European Shares Extend Losses On Oil, Bond Market Jitters

European stocks traded lower on Thursday to extend losses from the previous session, as a slew of downbeat earnings updates added to jitters around the Middle East war and rising bond yields.

Bond yields surged in Europe, with Germany’s 10-year government bond yield, the benchmark for the euro area, rising 3 basis points (bps) to 2.95 percent ahead of Fed Chair Jerome Powell’s speech later in the day.

On a light day on the economic front, the European Central Bank reported that the euro area current account surplus increased in August driven by the sharp rise in the visible trade surplus.

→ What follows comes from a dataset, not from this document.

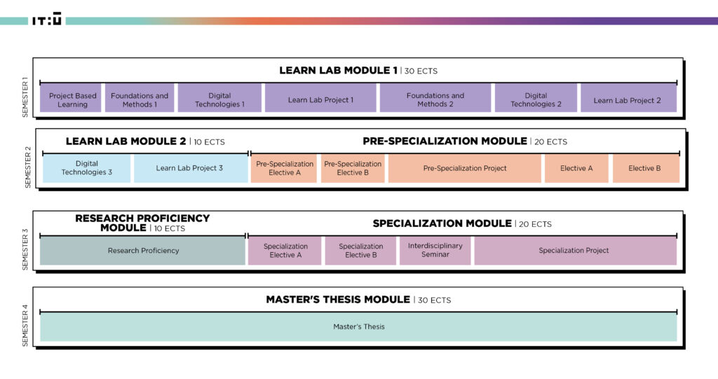 The Learn Lab modules in the first two semesters will give you the opportunity to get to know the six different labs – Virtual Reality, Motion Capture, Maker Lab, Robotic, Interaction and Data Lab – that form the basis of IT:U’s project-based, personalized learning approach. The Pre-Specialization module in the second semester will equip you with the basic skills of your chosen specialization. Your third semester consists of a Research Proficiency module where you’ll be trained in scientific writing and academic methodology. In the Specialization module, you will focus on real-world challenges and projects related to your specialization. The final part of your master’s program is the writing and defence of your master’s Thesis.

The pan European STOXX 600 fell 0.9 percent to 440.85 after losing 1.1 percent on Wednesday.

The German DAX slipped 0.4 percent, France’s CAC 40 was down 0.9 percent and the U.K.’s FTSE 100 fell 1 percent.

Nestle shares fell 2.2 percent after the Swiss consumer giant posted lower-than-expected nine-month sales growth.

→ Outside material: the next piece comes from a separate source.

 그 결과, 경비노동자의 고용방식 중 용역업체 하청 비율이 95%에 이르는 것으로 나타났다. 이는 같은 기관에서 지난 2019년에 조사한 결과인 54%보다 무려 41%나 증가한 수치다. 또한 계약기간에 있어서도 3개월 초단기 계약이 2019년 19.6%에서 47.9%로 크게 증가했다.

Finnish telecom gear group Nokia tumbled 3.7 percent after posting a drop in its third-quarter sales and announcing job cuts.

McBride shares jumped 22 percent. The British household and personal products business said that the favorable trading environment and momentum of the second half of fiscal 2023 has continued into the first quarter of fiscal 2024.

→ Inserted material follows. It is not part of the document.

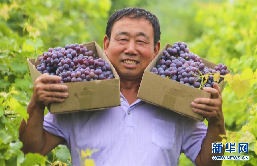 8月14日,在河北永清縣三圣口鄉冰窖村,農民在為游客搬運剛采摘的葡萄。新華社記者李曉果 攝 -

Retail-investment platform Hargreaves Lansdown slumped 4.6 percent after new client growth slowed during the first quarter.

Gold miner declined 2.4 percent after pretax profit and revenue fell in the third quarter.

French carmaker Renault plunged over 7 percent after currency depreciations in Turkey and Argentina weighed heavily on the pace of sales growth in the third quarter.

Pernod Ricard soared 5 percent after the spirts maker forecast higher sales in fiscal year 2023-24.

Germany’s Infineon Technologies AG fell nearly 2 percent. The semiconductor company has appointed Elke Reichart as its new Chief Digital Transformation Officer, effective November 1.

Merck KGaA jumped 4.5 percent. The science and technology major said it expects to return to growth during fiscal 2024, and continued growth also beyond 2025.

Biopharmaceutical firm Sartorius surged 5.4 percent after unveiling financial results for the first nine months of the year.

Frankfurt-listed shares of Tesla were down 5.1 percent after CEO Elon Musk sounded a pessimistic note about the economy on an earnings call.